The four women from West Sacramento chose the Niles precisely because it has character. Bateman was on a work trip, outfitting California Highway Patrol officers with bulletproof vests. Her friends accompanied her, as they usually do.
For Jennifer Engstrom, 61, the Niles brought back memories of the Sutter’s Hotel, the gold-rush-era hotel in Amador County that her great-uncle owned when she was a child. Formerly called the Bellotti Inn, it is said to have once housed tunnels, now filled in, which were used during Prohibition to smuggle alcohol through town.
“This place reminds me a lot,” said Engstrom, who owns a Grocery Outlet in West Sacramento.
Sipping their vodka on Niles’s second-floor landing from glasses brought from home, the women pointed to the old portraits on the walls, making up names and stories about each one.
There was the long-lost cousin who was sent to The War. No specific war, just The War. And another cousin, who was angry because he did not receive the inheritance.
Bateman pointed to a gilt frame inlaid with flowers, containing sketches of a mustachioed man in a tuxedo and a serious woman in a stiff-collared dress.
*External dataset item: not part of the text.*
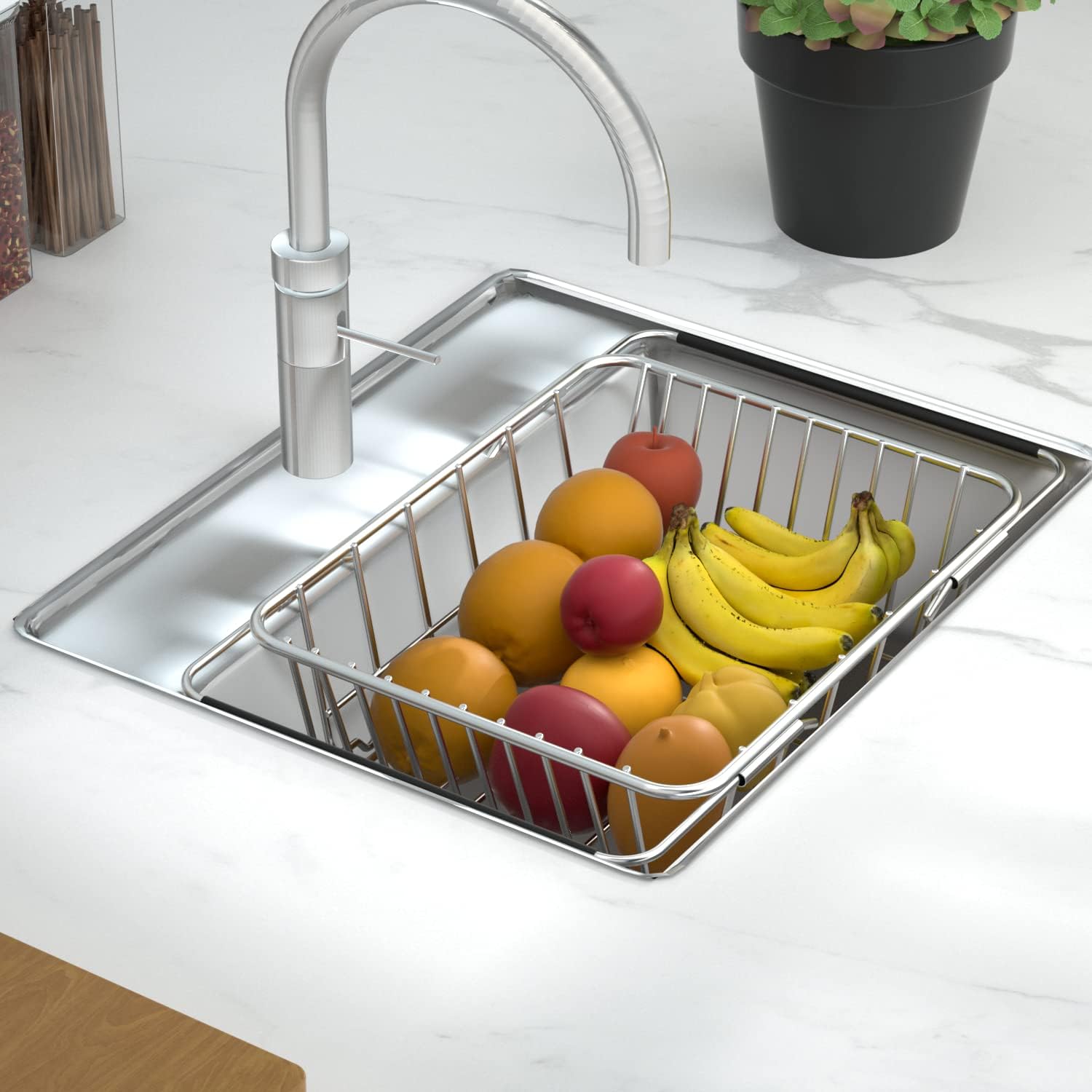 You can store vegetables,tomatoes,potatoes or fruits, place in the over sink,expandable.

“Those are my great-grandparents,” he joked. “Ralph and Ilene. They came from Iowa. They wanted to come to California to find gold. She divorced him because she slept with prostitutes.”
Probably the ghost of ‘that bum’ that lives here,” said Gail Klauer, 70, a retired chief of staff for a Yolo County supervisor, who was there with his wife, Terri LeDoux, a retired prison commandant.
“She’s not a bum,” Bateman said. “You don’t know her.”
Perhaps, they mused, she was the woman whose portrait hung at the end of the room: a pale-skinned young woman, a stole slung from her slender shoulders, looking away from the chamber.
Klauer, imagining the ghostly life of the sex worker, suddenly turned serious.
“Women at that time had no choice,” she said. “They needed to eat. They needed to survive. They may or may not have children that they are supporting. They couldn’t shovel… They couldn’t work in the mines. They couldn’t work in the kitchen. All the cooks were men; the servers were men.” .
If she haunted the hotel, the women said, more power to her.